Over the weekend I realized the cherry trees in my neck of the world are ready for harvest. My first clue was walking the dogs along a sidewalk covered with what looked like . . . well, cherries like I get at the store. I could not pause to pick any fruit up like I did when encountering plums all over the ground because when you're holding leashes to a 16 pound, a 42 pound, and a 66 pound dog your hands are already full.
Yesterday I saw a dad holding his son steady on a ladder while the kid picked cherries from their tree.[At least I assumed it was theirs. Who am I to comment on foraged fruit?] The sight reminded me that I'd been sitting on a fresh cherry recipe for nearly a year. Since I like to share muffin recipes on Mondays [and I've been spending time updating my Visual Recipe Index by Ingredient as well as adding a grilling section to my drop down menu recipe index, not plotting out the month's worth of posts] I figure today is as good a time as any.
Grab a cup of tea with these muffins--even though they have beets in them, they are delicate enough thanks to the yogurt. My kids ate them warm for breakfast and room temp for an after school snack with peanut butter and/or Nutella. Any method to get beets from the farm share into the family is a good method in my book.
For more recipes using beets, please see my Beet Recipes Collection. For more recipes using cherries, many of them dried, please see my Cherry Recipes Collection. These collections are part of the Visual Recipe Index by Ingredient. I've got a Fruit board on Pinterest where I gather interesting recipes, and of course I'm sharing other bloggers' successes and my epic failures over on my FB page.

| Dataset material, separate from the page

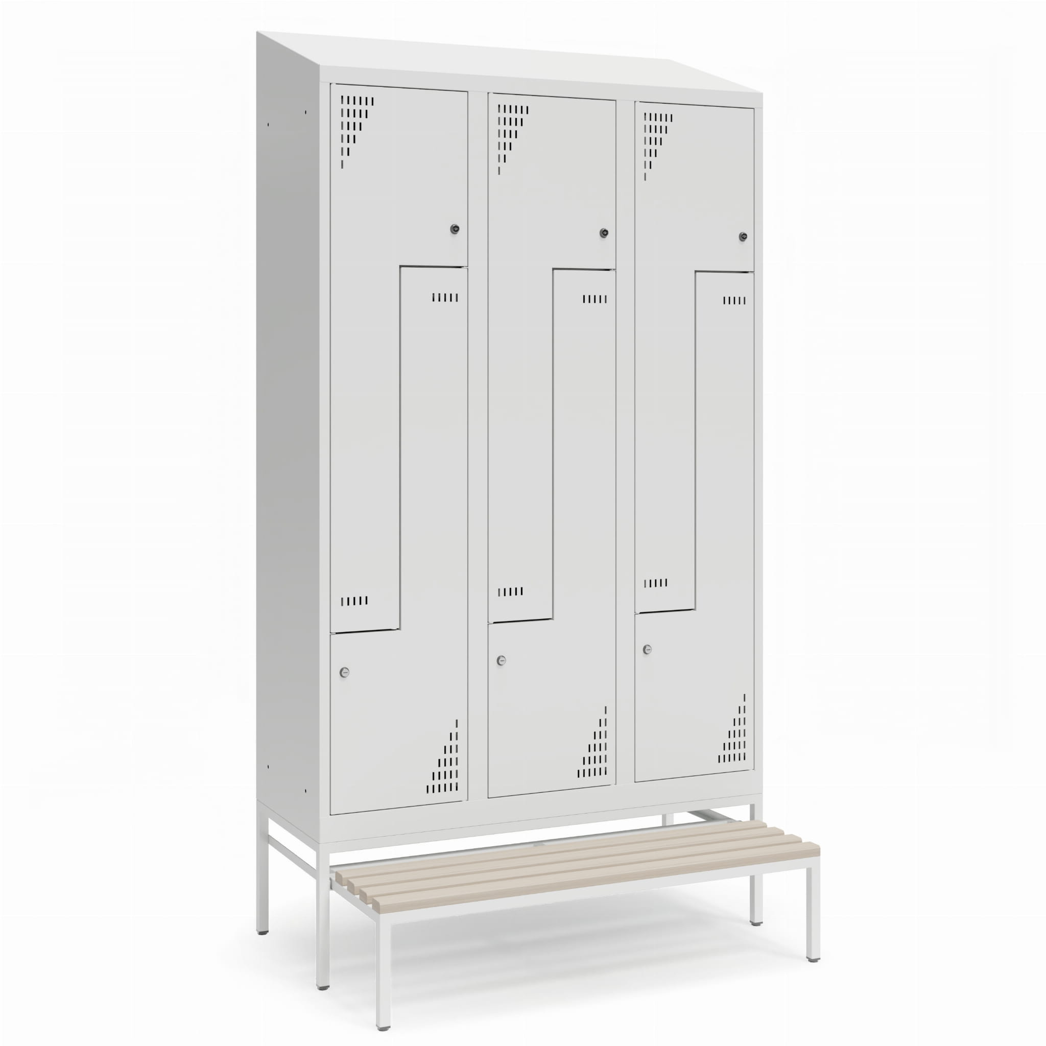 Szafa ubraniowa TYPU L z wysuwaną ławeczką 1200K3/2 DSZ 1200x800x1950 korpus antracyt/front niebieski

Cherry Beet Yogurt Muffins½ cup roasted beets
1 cup rolled oats
1 cup vanilla yogurt
⅓ cup brown sugar
⅓ cup vegetable oil
1 large egg
1 cup unbleached all purpose flour
1 teaspoon salt
½ teaspoon baking soda
1 teaspoon baking powder
1 cup chopped pitted fresh cherries
Preheat oven to 400 degrees Fahrenheit. Spray a 12 hole muffin pan with vegetable oil spray or line with muffin cups. Set aside. In a blender, combine first 6 ingredients (beets through egg). Blend until thoroughly mixed. I use my Vitamix (Amazon affiliate link). Pour into a large bowl, and dump the dry ingredients on top (flour through baking powder). Stir until nearly combined, then add cherries and stir a bit more. Scoop** into prepared muffin pan. Bake for 15 minutes. Let muffins rest in pan for 5 more minutes before transferring to a cooling rack to finish.
**My scoop holds 3 Tablespoons (1 ½ ounces) by volume, though the muffin batter is mounded in the scoop so I'm pretty sure I'm putting a good 3 ½ Tablespoons into each muffin well. The muffin wells in my regular muffin pans each hold 3 ounces by volume.